This article originally appeared on MLK50.
When the interim director of the Memphis Police Department linked arms with organizers of a protest that shut down traffic on the city’s Interstate 40 bridge over the Mississippi River one year ago, he drew praise from observers far beyond the city limits. Even the UK’s BBC gave the director, Michael Rallings, a positive review in its coverage of the U.S. protests that followed the deaths last July of two black men — one in Louisiana, one in Minnesota — at the hands of police officers.
The organizers who joined Rallings in the amicable walk off the bridge that ended the protest on July 10 last year say they considered his act a promise of better communications to come between police and Memphis citizens. One year later, they say, it seems like an empty gesture.
Rallings himself says ongoing violence and an understaffed police forcestand in the way of progress in police-community relations.
A 27-year veteran of the police force, Rallings describes the bridge protest as “the most dangerous situation” of his career.
“I was really concerned about somebody dying that day because it’s very easy to fall off the bridge,” he said. “You have a mix of people and cars — those are not supposed to be mixed together.”
From the 12th floor of a city services building, Rallings recalls the protest while seated in a conference room overlooking the Hernando DeSoto Bridge that takes I-40 over the river. He says his goal was to get everyone off the bridge safely by reasoning with the organizers about their list of demands.
“They went down their laundry list of items, and I asked them, ‘Do you think that’s going to happen in the next hour or two hours?’”
All parties agreed to continue the conversation in a calmer environment, and the next day a town hall meeting assembled, attended by Memphis Mayor Jim Strickland and moderated by community leaders. But many walked out in frustration when no action was taken, a situation Rallings says was out of his control.
“If you go back and look at the tapes, we didn’t control the conversation,” said Rallings.
Strickland subsequently responded in writing to 90 questions submitted at the meeting, mostly about police brutality against black communities.
One item on the list was a call for Rallings’ permanent appointment as police director — the only demand that came to fruition. The rest of the demands, Rallings says, are more complicated.
“What was brought to me that day was so many things I did not have control over,” said Rallings. “I can’t fix the schools. Someone said, ‘We need jobs.’ Well, OK, I’m trying to hire 500 police officers. If you want to be a police officer or dispatch, I can help you.”
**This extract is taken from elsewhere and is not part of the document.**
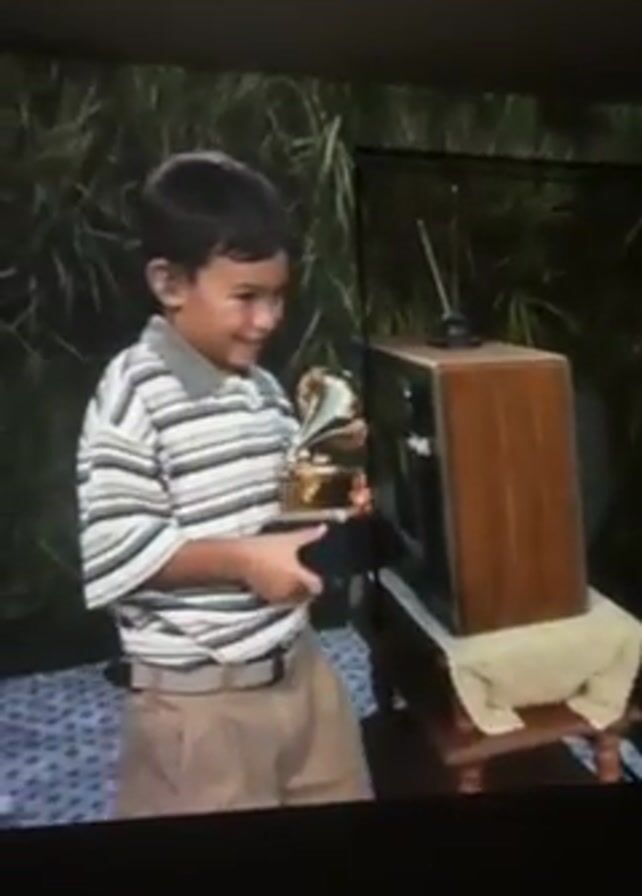 A low-resolution video shows a young boy holding a Grammy award

Though he praised officers who sometimes step up to assist citizens with food or rides to school, he says problems that disproportionately affect minorities — access to quality education, jobs with living wages, oppressive poverty — don’t fall in his jurisdiction.
“We do do these things … but we need the other 650,000 Memphians to do their part also. It takes an entire community to address these very complicated issues.”
And immediately after the protesters came off the bridge, he had his own request.
“What I asked that night was, ‘How about no killings for thirty days?’ And we know that didn’t happen because 2016 was our worst year for homicidessince 1993.”
A total of 228 homicides were ruled non-justifiable last year. And in answer to community activists who point out that poverty and violence are linked, he says, “You can be poor, but that doesn’t give you the right to victimize other poor people.”
Police killings of minority victims has inspired hundreds of Black Lives Matter protests since Trayvon Martin was shot and killed by a neighborhood watch volunteer in Sanford, Florida, in 2014. The list of victims includes Alton Sterling, Philando Castile, Tamir Rice and Walter Scott.
Rallings cites an estimate from the Memphis Police Department’s Real Time Crime Center to make his point that the statistical chance that an officer will shoot a civilian in Memphis is “very small.”
“So you’re talking about two million encounters (between police and civilians) every single year.… On average, for the last five years we average 14 officer-involved shootings, so we take those 14 officer-involved shootings, and we compare that to the two million contacts,” he said. “You have a very small chance of being involved in a shooting from a police officer.”
The director says officers have to deal with both the strains that fall on society’s poorest and the violence linked to that poverty.
“Yes, we need to address any issue where our citizens feel unsafe when they have an encounter with law enforcement. But then we have to talk about the thousands of acts of violence from citizens,” he said.
“So, when people say, ‘Director, I want you to do all of these things,’ I say, ‘I really want to … but I keep tripping over dead, black bodies … and it gets me distracted.”
Common Fault Lines
The common ground between Rallings and community organizers diverged at the eastbound exit ramp from I-40 to Riverside Drive, where police and protesters unlinked arms after ending the bridge protest. While they all agree the event ended peacefully, both sides say that since then, there’s been no change in the pressures that brought them there.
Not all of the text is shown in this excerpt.